Finance Specialists: Kazakhstan Should Raise VAT
Photo: Elements.envato.com
Kazakhstan's Finance Association has analyzed the republican budget for the first nine months of 2024. Experts advised the government to discontinue current practices with the National Fund, an Orda.kz reports.
Experts draw attention to the budget crisis that has developed.
In 2024, significantly fewer taxes were collected than planned. Only 52% of the national budget tax plan for three quarters was fulfilled. National Fund financing was required to cover the budget deficit. Withdrawals from the fund reached a record high of 6.1 trillion tenge, and the budget deficit increased to 3.6 trillion tenge.
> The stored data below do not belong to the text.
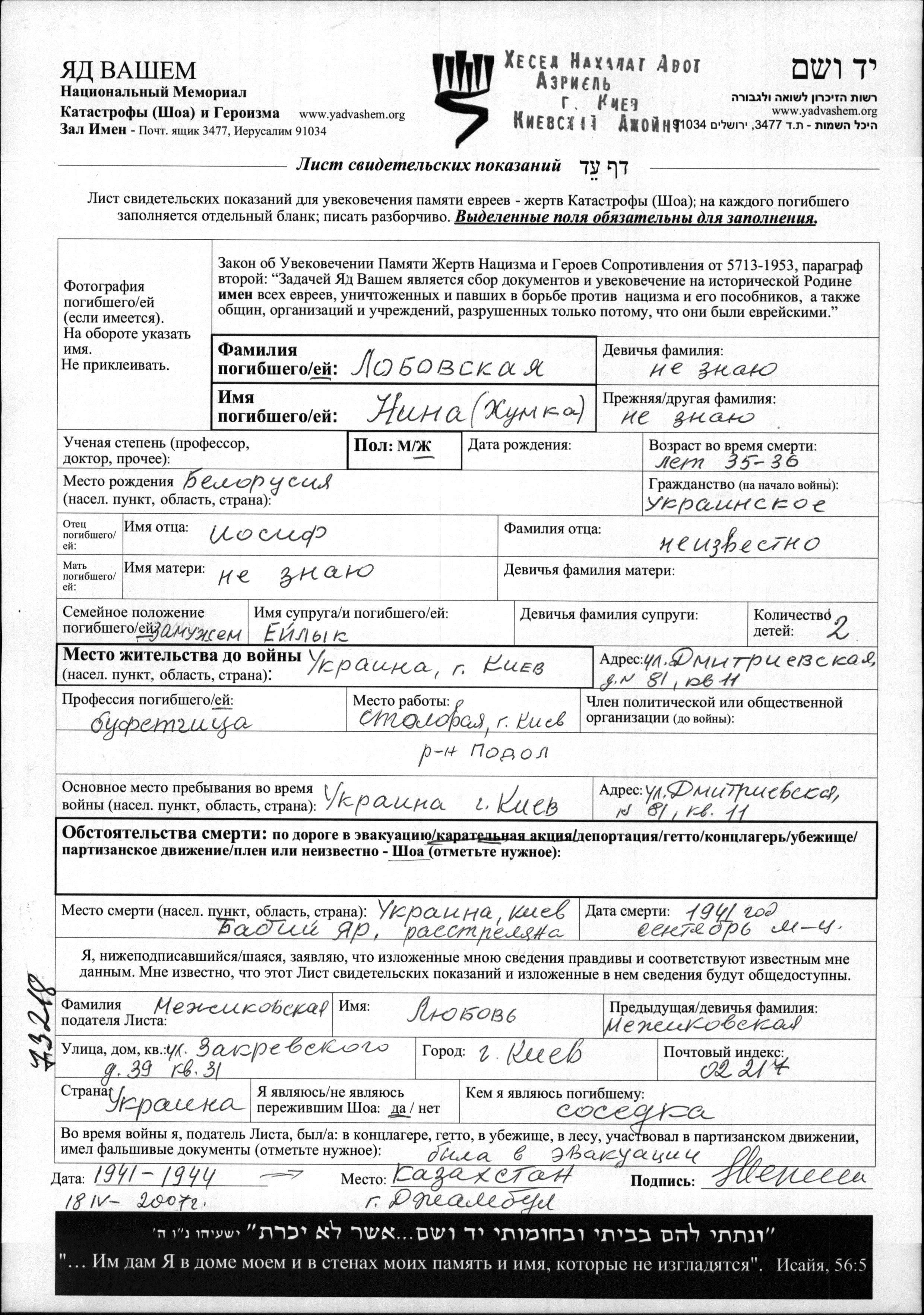 Nina Khumka Lobovskaya wurde in Weißrussland (UdSSR) geboren. Sie war die Tochter von Iosif. Sie war Buffet worker und mit Eylyk Verheiratet. Vor dem Zweiten Weltkrieg lebte sie in Kiev, Ukraine (UdSSR). Während des Krieges war sie in Kiev, Ukraine (UdSSR).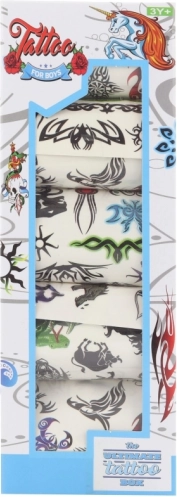 Set distractiv de tatuaje temporare pentru băieți, care include 5 coli diferite cu motive pentru joaca de zi cu zi. Aplicare ușoară și utilizare sigură de la 3 ani. Ambalaj compact, dimensiuni cca 8,5 × 24 × 4 cm, încape în rucsac sau într-un pachet cadou.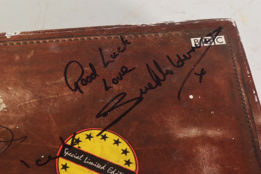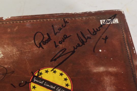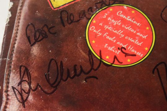 Only Fools & Horses (BBC Sitcom 1981-2003) - limited release original 1996 trilogy VHS 'suitcase' set, signed to the top by many of the original cast. Autographs include: Sir David Jason (Del), Kenneth MacDonald (1950-2001 Mike), Roger Lloyd Pack (1944-2014 Trigger), John Challis (1942-2021 Boycie), Sue Holderness (Marlene) and Patrick Murray (Mickey). All signed in black ink, undedicated. The set appearing unused, with the VHS tapes remaining factory sealed, along with the original t-shirt. Some wear to the cardboard, contents mint.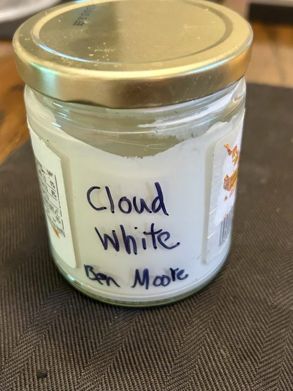 So when she was in town last week, I poured some of my Benjamin Moore Cloud White paint into a saved Trader Joe’s sun-dried tomato jar and sent it home with her so she can do some quick touch-ups.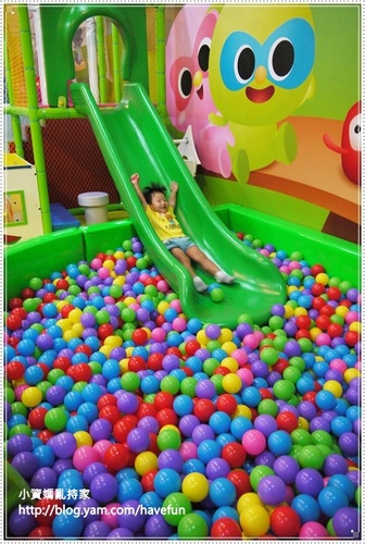 上樓梯的右手邊,就可以玩溜滑梯一路溜進球池裡頭囉!
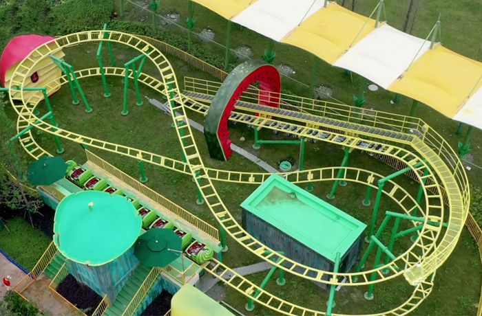 一種戶外休閑娛樂設備,列車由摩擦輪驅(qū)動提升到軌道最高端后,立即轉(zhuǎn)為沿軌道自由高速滑行,時而俯沖直下,時而電掣穿梭,呼嘯而行。游客舒適地穩(wěn)坐于座椅上,盡情地領略失重和離心的驚險刺激的感覺,是游客的摯愛項目。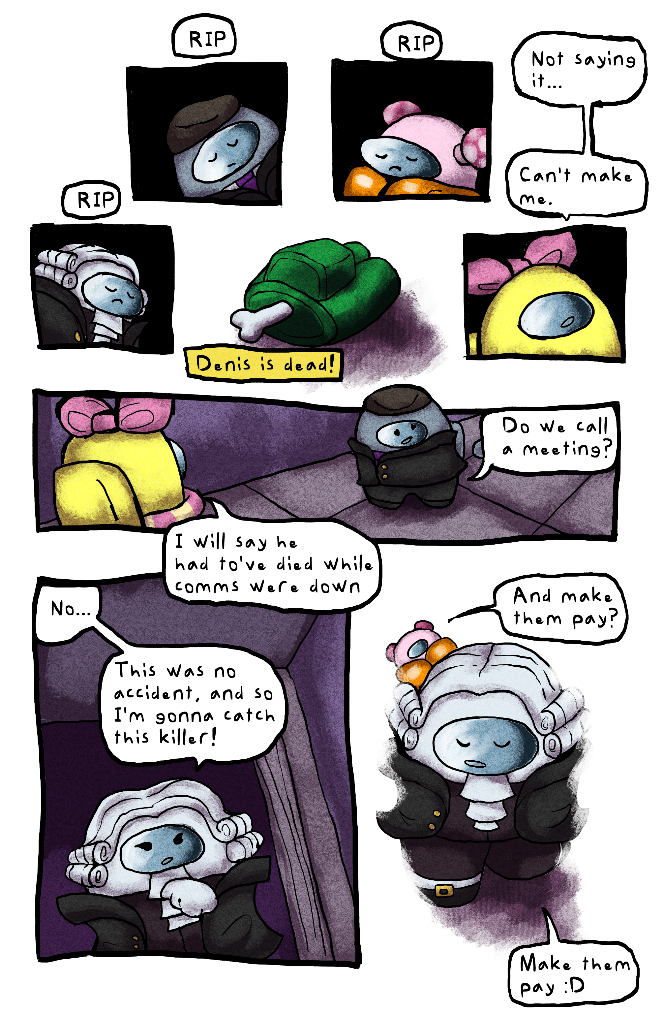 Hello! This is a small comic series revolving around my friends in our Among Us discord server! In issue #1 "Hamilton's Play" Hammy becomes a detective to solve the murders of her friends. Can she catch the killer? Why don't you read and find out? :)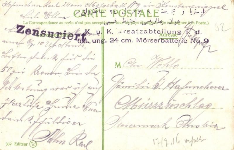 Beschreibung: Mehmed V Resad, The 35th and penultimate Ottoman Sultan + K.u.K. Ersatzabteilung f. d. öst. ung. 24 cm. Mörserbatterie No. 9. (fa)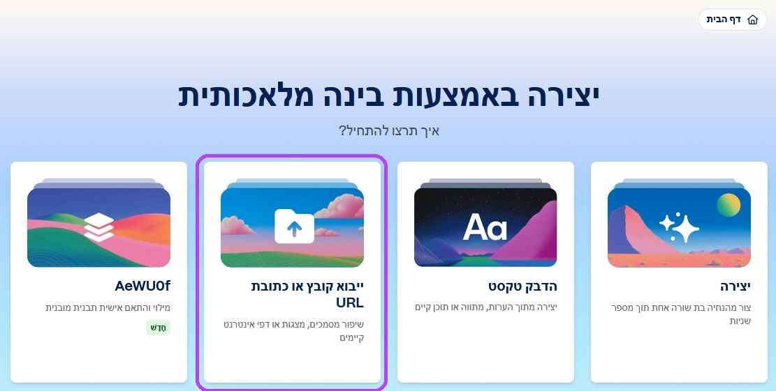 אפשרות זו היא עוצמתית ביותר כי היא מאפשרת לכם לקחת מסמכים קיימים כמו מאמרים, תכניות, ספרים, חוברות הדרכה, דו"חות, פרויקטים ועוד, או דפי אינטרנט – כן – ממש כל מאמר או מידע שמצאתם באינטרנט, ולהפוך אותו תוך מספר שניות למצגת מרהיבה, פשוט על ידי העלאת הקובץ (במקרה של קובץ) או הדבקת הקישור (במקרה של דף אינטרנט).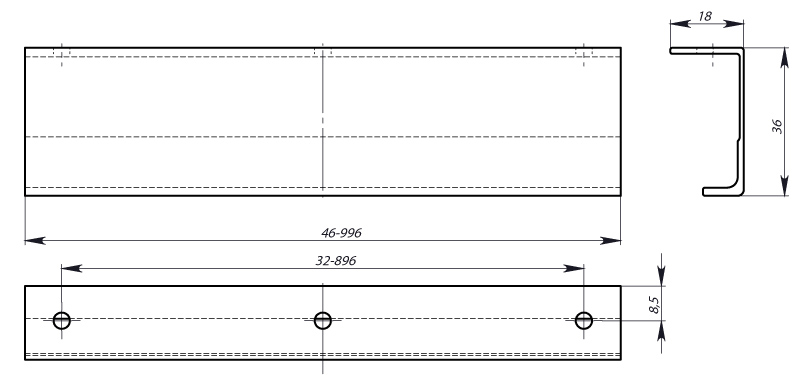 Ручка-профильная PN (011) 03 224/296 мм Черный матовый

Finance experts note that the National Fund has seen a significant drop in revenues from extraction tax (470 billion tenge) and corporate income tax (160 billion tenge) due to the decline in oil prices.
The Republican budget has a 519 billion tenge shortfall in VAT (value-added tax) and 209 billion tenge in CIT (corporate income tax). VAT is a crucial budget contribution.
Local budgets exceeded the tax collection plan, which did not influence the overall budget shortfall. Direct withdrawals from the National Fund increased by as much as two trillion.
Large withdrawals from the National Fund, exceeding tax revenues to it, complicate the task of bringing its assets to 100 billion dollars by 2029 and will determine the dependence of its assets only on investment income. This year, investment income was high - about 2.8 trillion tenge, due to the growth of stock markets, high rates and currency revaluation, but due to market volatility, it is inconsistent, analysts point out.
State budget expenditures continue to grow. They increased by 9.3% and exceeded the revenue part by 24%.
Experts highlight a strong imbalance in the Social Health Insurance Fund's receipts and expenditures. Since the beginning of the year, 800 billion tenge has been received, while 2.2 trillion spent. The Republican budget covers these expenses.
The budget issues also increased state debt, along with the costs of servicing and repaying it —from 3.7 trillion tenge to 4.3 trillion tenge. The state debt itself grew from 30.6 trillion tenge to 32.2 trillion tenge, impacting Kazakhstan's credit ratings.
Swift measures and decisive changes to the Tax Code may be required. Also, discontinuing to sell state assets to the National Fund may be required, as was with Kazatomprom.
An important condition remains the limitation of targeted transfers from the National Fund and their approval by parliament, similar to guaranteed ones (they do not exceed two trillion), as well as the cessation of the practice of selling state assets to the National Fund, experts say.
Experts recall that constantly dipping into the National Fund, the government is "overheating" the economy through increased government spending and consumption, thus necessitating its discontinuation.